The hope was to take AIG forward from the platform famously built by Maurice “Hank” Greenberg – but that was an era in which AIG was considered the largest insurance company in the world following a spate of acquisitions, and one in which it boasted a huge balance sheet and top credit rating.
Following the bailout, however, that position of power was lost. AIG was a weakened giant that saw rivals including
Berkshire Hathaway and
Travelers impressing in its place.
Has he made the future brighter?
Though Hancock may have fallen, there are many who believe he has made the job of the incoming CEO much easier.

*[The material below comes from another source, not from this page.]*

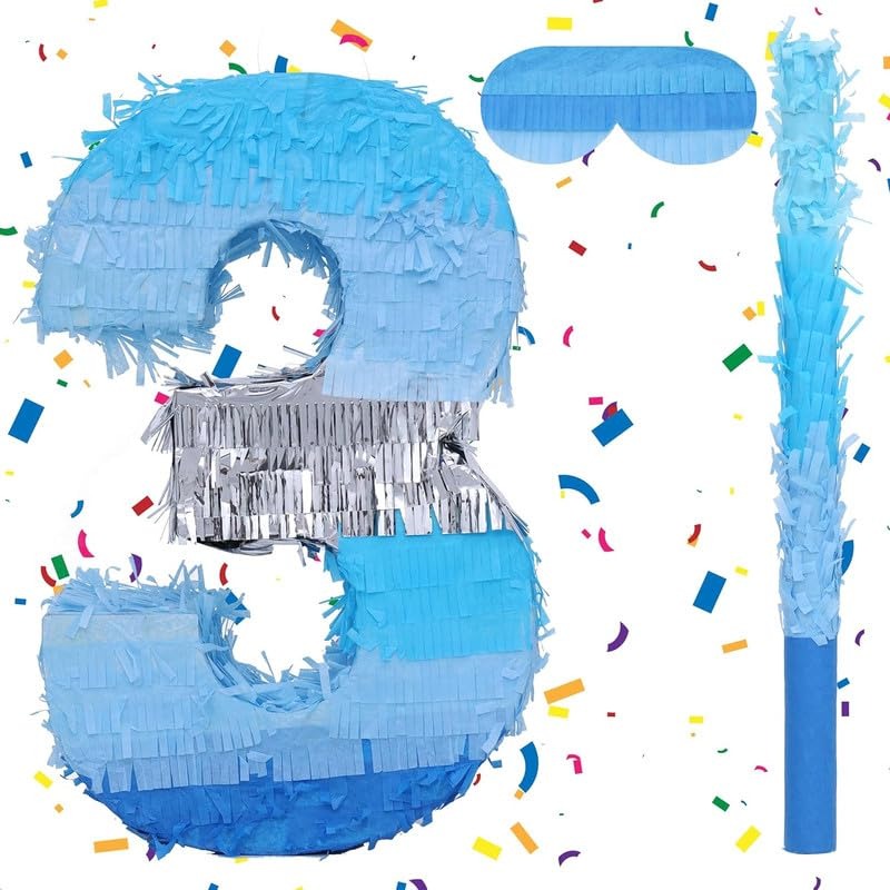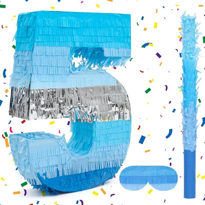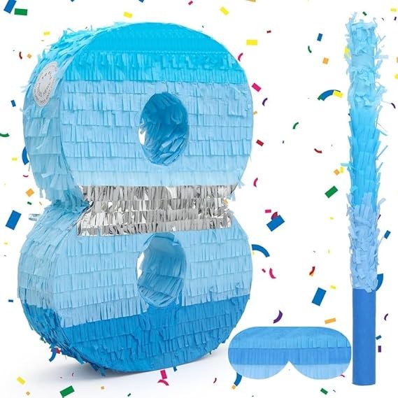 Make birthday celebrations more fun and exciting with this Blue Number Pinata, available in numbers 0 to 9 for different birthday ages and milestone celebrations. Designed in beautiful shades of blue with decorative fringe layers and a shiny silver accent stripe, it creates a stylish centerpiece for birthday party decorations. Fill the pinata with candies, chocolates, confetti, or small toys to create a fun and interactive party game for kids and guests. Simply hang the pinata and let players take turns hitting it with the stick until the surprises fall out. Made from high-quality paper material, this pinata is lightweight, durable, and easy to hang for indoor or outdoor celebrations. Perfect for boys’ birthday parties, kids’ celebrations, milestone birthdays, baby showers, and family events. This number pinata works as both a birthday decoration and an entertaining party activity, making every celebration memorable and enjoyable.

He took a huge reserve charge during the previous period, which should set AIG for better results next time around.
“So much of what has happened today is very short run,” former AIG general counsel Tom Russo told Bloomberg. “I thought it was the wrong way to go because I would have let Peter’s strategy play itself out” with Hancock still at the helm.
Indeed late on Thursday, AIG even committed to
sticking to Hancock’s turnaround plan: however, whether the new CEO agrees remains to be seen.
The turning point
Perhaps what we can reflect on the most was his declaration back in November 2015. Hancock had been in his job as CEO for around a year – and informed employees that they could not rely on lifetime jobs. At that point many chose to leave and just a year and a half later, Hancock’s own tenure at the firm came to an end.